- _Your objective_
Set down exactly the lines from the first line of the records through the line that contains "ERDOS Logo Cashmere", and leave every picture out.

··· Data ···

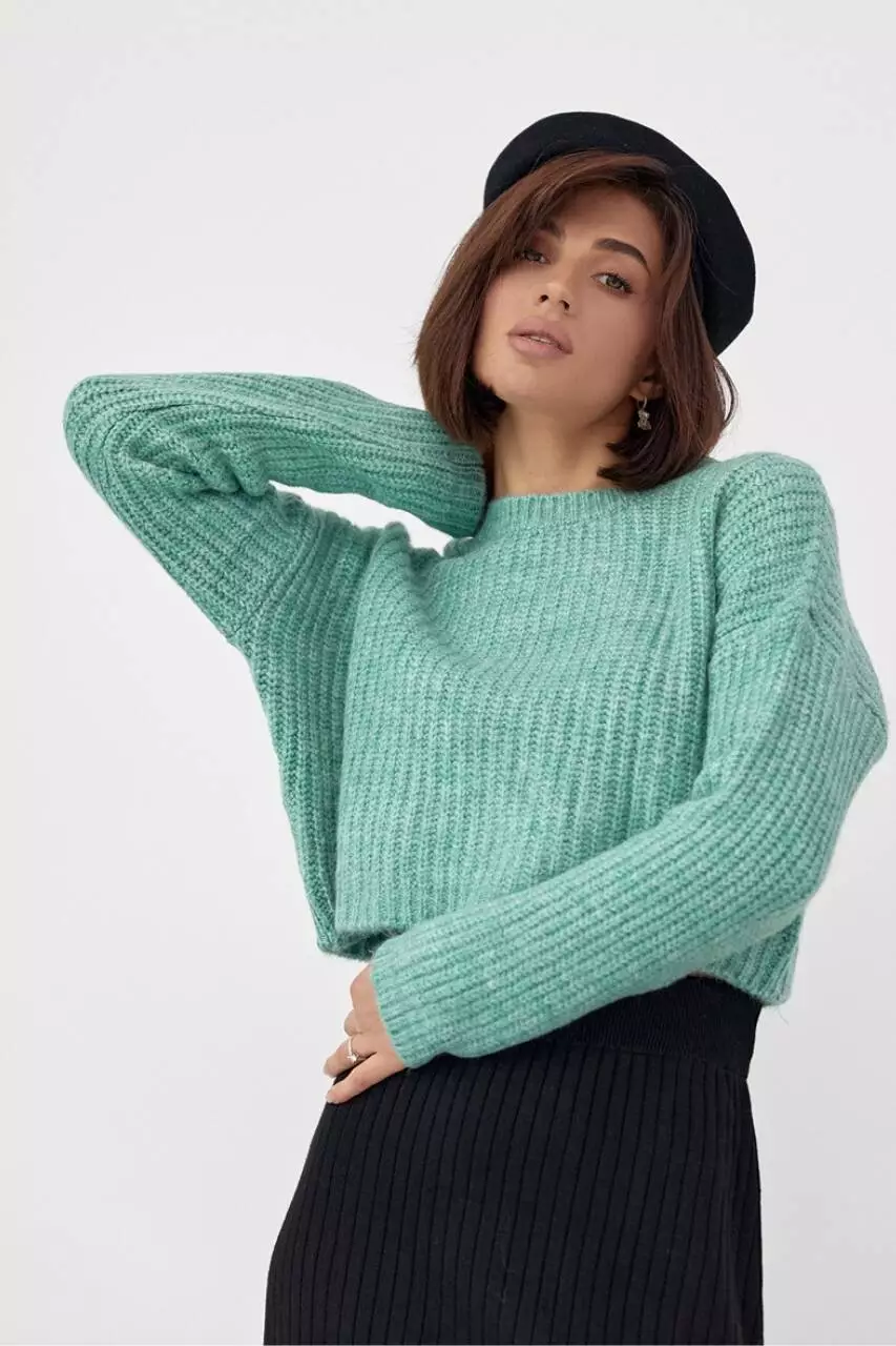 В этой укороченной модели плечи удлиненные, а круглая горловина дополнена бейкой с тонкой резинкой, вшитой по краям. Прямой низ и длинные рукава заканчиваются вязкой в виде манжет.
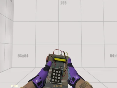 Модель C4 «CS:GO» - футуристичный скин с акцентом на фиолетовые тактические перчатки и неоново-жёлтые элементы детонатора. Контраст тёмных деталей и ярких проводов создаёт стиль киберпанк-оператива.
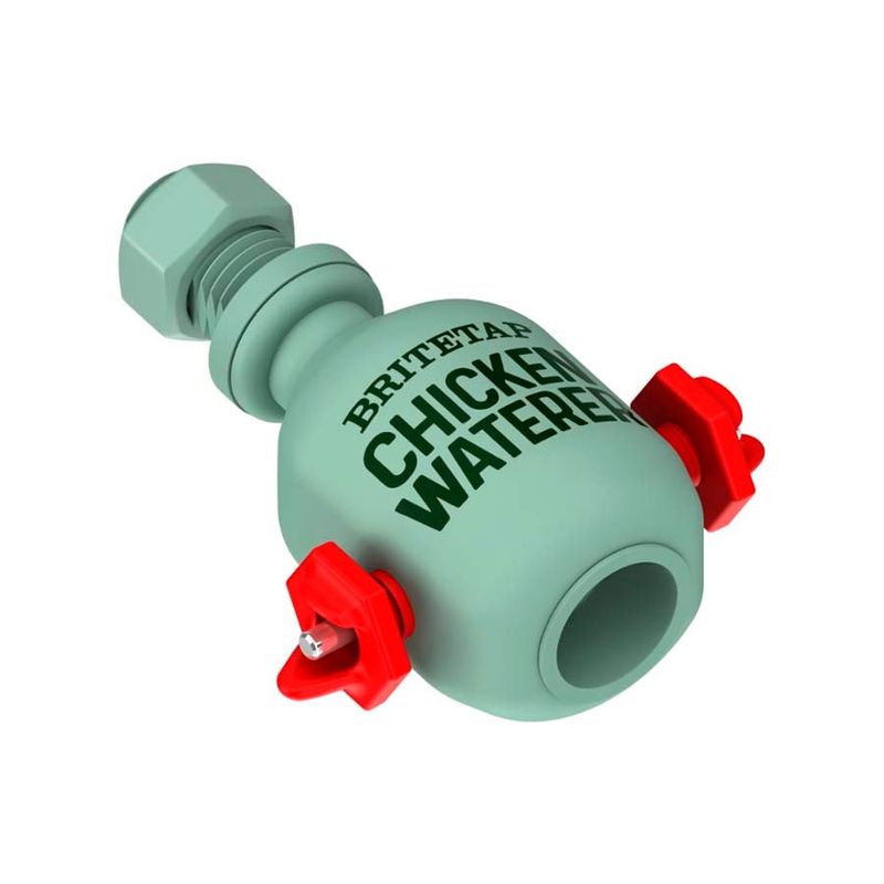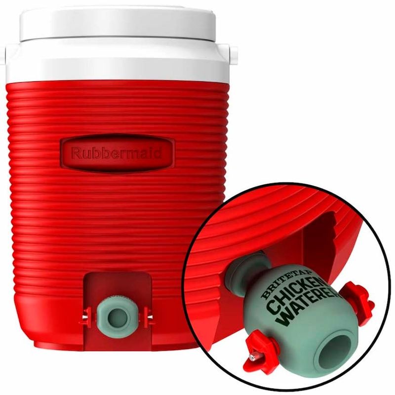 The cooler also needs to have a spout or a vent cap on top. Coolers with a solid lid will require a hole being drilled in the lid. You can also add the BriteTap Chicken Waterer to a bucket or container that you will have to drill a hole in the side for the chicken waterer to be installed and a vent hole in the lid.
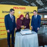 Pegasus Hava Yolları’nın, Sabiha Gökçen SAW – Ljubljana (LJU) hattının açılışı için düzenlenen törene Slovenya Büyükelçisi Gorazd Rencelj, Fahri Konsolos Mustafa Başar Arıoğlu, Pegasus Hava Yolları (PGS) Genel Müdürü (CEO) Güliz Öztürk, PGS Ticaret Genel Müdür Yardımcısı Onur Dedeköylü, PGS Satış Direktörü Emre Pekesen, ISG Ticari İşler ve Strateji Genel Müdür Yardımcısı (CCSO) Kerem Maybek, ISG Mali İşler Genel Müdür Yardımcısı (CFO) Hanita Ahmad ve terminal çalışanları katıldı.
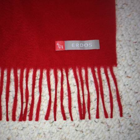 ERDOS Logo Cashmere SCARF ❧ 72 inch Length x 14.5 inch Width ❧ Color: Solid Red ❧ Features: with Braided Fringe on Both Ends ✤ From smoke-free and pet-free home
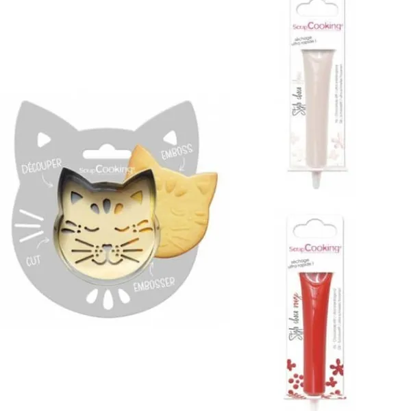 Detta set med utstansare och präglare samt två färgade chokladpennor kommer att vara de perfekta tillbehören för att skapa och dekorera kakor, småkakor eller alla andra bakspecialiteter i kattform! Den noggrant utformade utstansaren och präglaren ger din kaka en kattform och trycker djurets detaljer i relief, rita eller skriv sedan på dem med chokladpennorna. Perfekt att ge som present till en bakentusiast eller för att imponera på dina vänner och din familj vid desserttillfället! Kitet inkluderar en kattutstansare av rostfritt stål och en kattpräglare i naturligt trä samt två chokladsmaksatta livsmedelspennor. Tvätta och torka av utstansaren och präglaren före första användning och mellan varje användning. Dessa två tillbehör är återanvändbara: tvättbara och rostfria för att baka på ett originellt och ekologiskt sätt! Präglare i trä ska inte användas i ugn, diskmaskin eller under vatten. För att rengöra den, använd en lätt fuktig svamp. Dessa två tillbehör kan användas separat. Vrid inte, detta kit är inte ett leksak, låt inte barn ha tillgång till det. Sätt inte spetsen i direkt kontakt med en låga eller på en elektrisk platta. Använd inga vassa verktyg. Dimensioner utstansare: 6,4 x 7,2 x 2,5 cm. Dimensioner präglare: 6,2 x 6,6 x 0,2 cm. Chokladpennorna på 25g är framställda av gelésocker och livsmedelsfärger som gör dem 100% ätbara. Användningen av pennan är mycket enkel: koka vatten i en kastrull, häll det i en skål och placera pennan i den i 2 minuter med korken på. För att använda den, öppna korken och tryck på pennan för att skapa dina dekorationer, ultrarapid torkning! Efter varje användning kan du sätta på korken igen och förvara den. Våra chokladpennor finns även i andra färger.

···

- _Reply to the exercise_
 В этой укороченной модели плечи удлиненные, а круглая горловина дополнена бейкой с тонкой резинкой, вшитой по краям. Прямой низ и длинные рукава заканчиваются вязкой в виде манжет.
 Модель C4 «CS:GO» - футуристичный скин с акцентом на фиолетовые тактические перчатки и неоново-жёлтые элементы детонатора. Контраст тёмных деталей и ярких проводов создаёт стиль киберпанк-оператива.
 The cooler also needs to have a spout or a vent cap on top. Coolers with a solid lid will require a hole being drilled in the lid. You can also add the BriteTap Chicken Waterer to a bucket or container that you will have to drill a hole in the side for the chicken waterer to be installed and a vent hole in the lid.
 Pegasus Hava Yolları’nın, Sabiha Gökçen SAW – Ljubljana (LJU) hattının açılışı için düzenlenen törene Slovenya Büyükelçisi Gorazd Rencelj, Fahri Konsolos Mustafa Başar Arıoğlu, Pegasus Hava Yolları (PGS) Genel Müdürü (CEO) Güliz Öztürk, PGS Ticaret Genel Müdür Yardımcısı Onur Dedeköylü, PGS Satış Direktörü Emre Pekesen, ISG Ticari İşler ve Strateji Genel Müdür Yardımcısı (CCSO) Kerem Maybek, ISG Mali İşler Genel Müdür Yardımcısı (CFO) Hanita Ahmad ve terminal çalışanları katıldı.
 ERDOS Logo Cashmere SCARF ❧ 72 inch Length x 14.5 inch Width ❧ Color: Solid Red ❧ Features: with Braided Fringe on Both Ends ✤ From smoke-free and pet-free home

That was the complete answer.